Does Black water extract have a shelf life? Maybe it was bad?!?


----------



## erik s (Apr 12, 2010)

Ive never had any issues with blackwater extract...but I have stopped using it due to cost..there are many alternatives that work just as well...I would still tend to go back and re-check what your original water source was!!!and check temps....that had been the source it my tad problems...


----------



## Ed (Sep 19, 2004)

davidadelp said:


> So i posted a thread about my tads dieing a few weeks ago and I think I have found the reason why. Im not 100% sure of this as I dont have tads that have made it past the 2week mark YET. Anyway, My azureus have continued laying eggs and producing tads I tried adding Black water extract to their water and the tads acted like they was dieing because of it so I sucked as much out of the cup with a turkey baster and replaced with bottled spring water and ever since the tads have been doing great without problems since I quit using the extract.
> 
> has anyone else had this happen?
> Does Black water extract have a shelf life? Maybe it was bad?!?

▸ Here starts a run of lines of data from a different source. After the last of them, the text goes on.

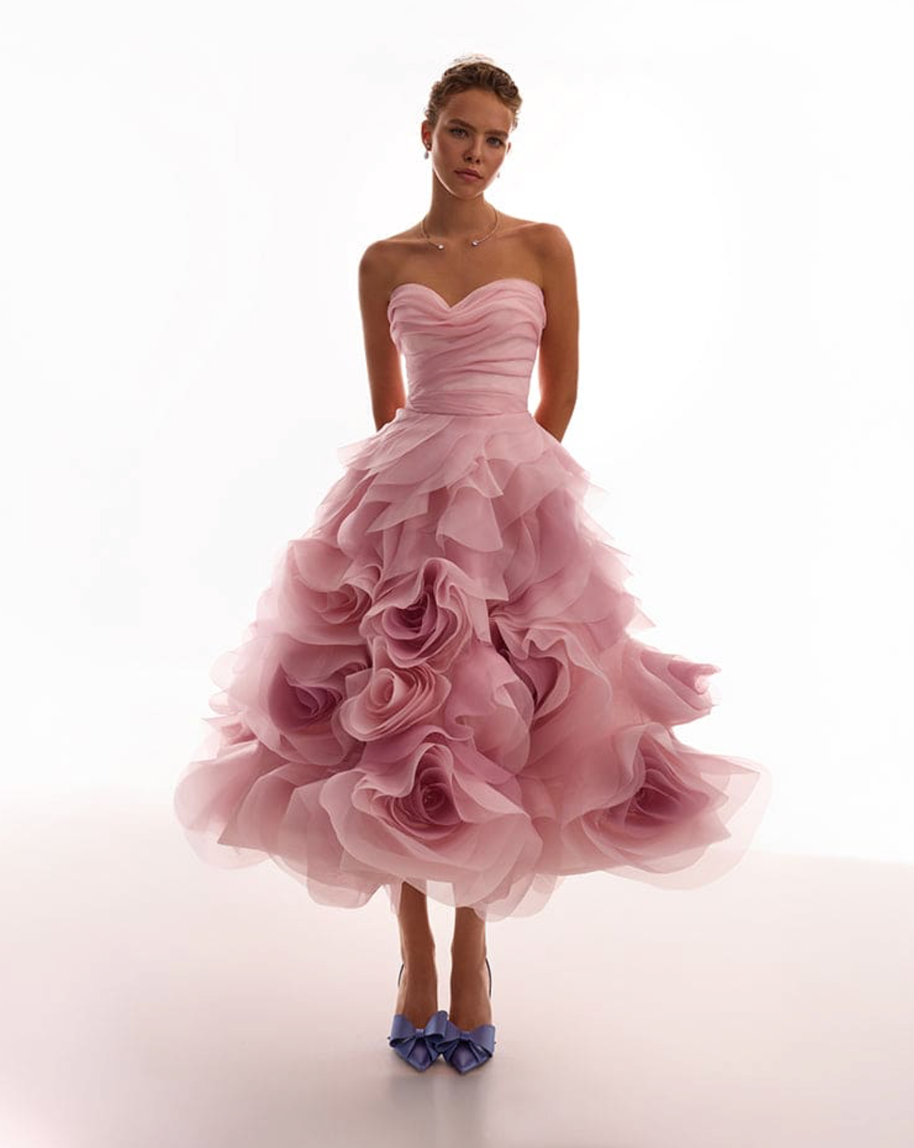 The voluminous skirt bursts from the waist, lavishly decorated with handcrafted 3D organza flowers and ruffles, ensuring you stand out at every soirée. This dress is the ultimate statement of elegance and fearless style.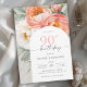 Convites Elegante Peach Floral Feminina 90 Aniversário
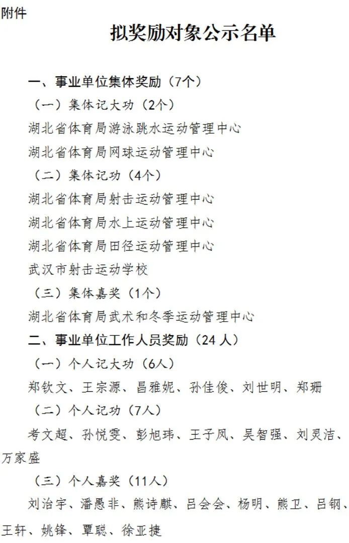 根据《事业单位工作人员奖励规定》及《湖北省重大体育比赛奖励办法》,省人社厅、省体育局拟对在第三十三届夏季奥运会参赛备战工作中表现突出的24名事业单位工作人员、7个事业单位集体分别给予记大功、记功和嘉奖,现将拟奖励对象予以公示(公示名单附后)。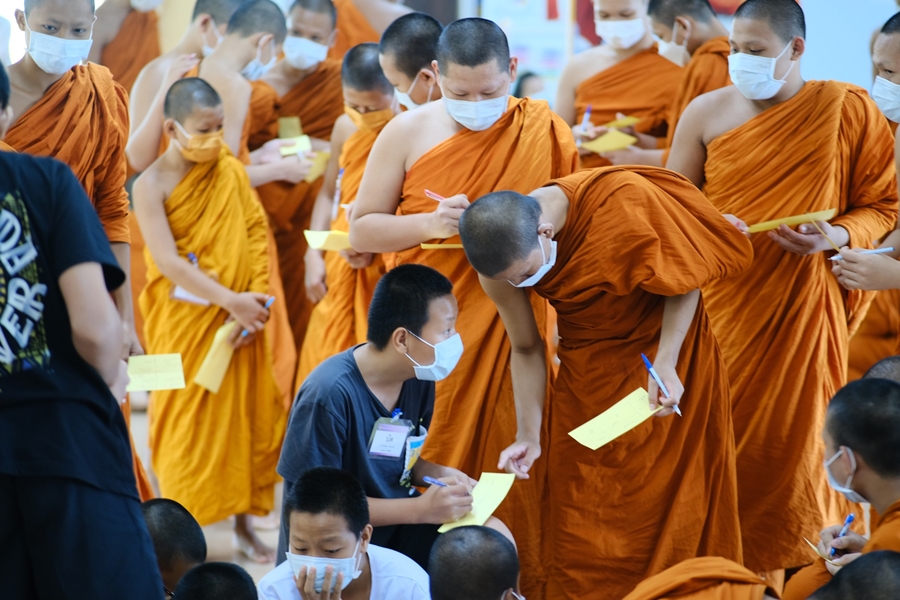 ลองมาใส่จีวร และเจอพี่เณรใจดีที่คอยสอนในช่วที่เราปรับตัว |

What is the pH of the water you used to use for tadpole water? 

Do you have a water softener on the house? 

Ed


----------



## ezjase (May 5, 2009)

I have had the same problem myself, but I never used black water extract because I thought that the cost was to much to always have to use the stuff....I found a few friends established users a cheaper way that may even be better is to use some almond leaves. I took a hand full and boiled them like a tea, I let it sit and cool placed it in my gallon container for storage and it works just fine and I have no issues anymore. This is just as good maybe better than the extract.


----------



## ezjase (May 5, 2009)

Heres a good link some one shared.....
BBC News - Exotic frogs reared in redbush tea in Gloucestershire


----------



## jdooley195 (Oct 19, 2009)

Ive never added blackwater extract straight to a tads cup (if thats what happened) but i mix half way up to the line inside the cap with a 2.5 gal of spring water and haven't had issues (50+ azureus tads). maybe ur adding too much? i have noticed a lower survival rate if i use this water in the egg dish...i dont understand why though


----------



## evolvstlldartfrogs (Oct 5, 2007)

I actually don't add anything for the first week to the tads. I seem to have terrible luck if I add anything to the water food or otherwise. I wait about a week then add just a little black water extract. I dont seem to need all that much. Like just enough to change the color slightly. Maybe Im not adding enough who knows but it seems to be working fine.


----------



## jdooley195 (Oct 19, 2009)

Same for me..I used distilled in the dish and then a small amount for a week or two as a tad. Once extract is mixed, it doesnt change the color too much, and i have great results


----------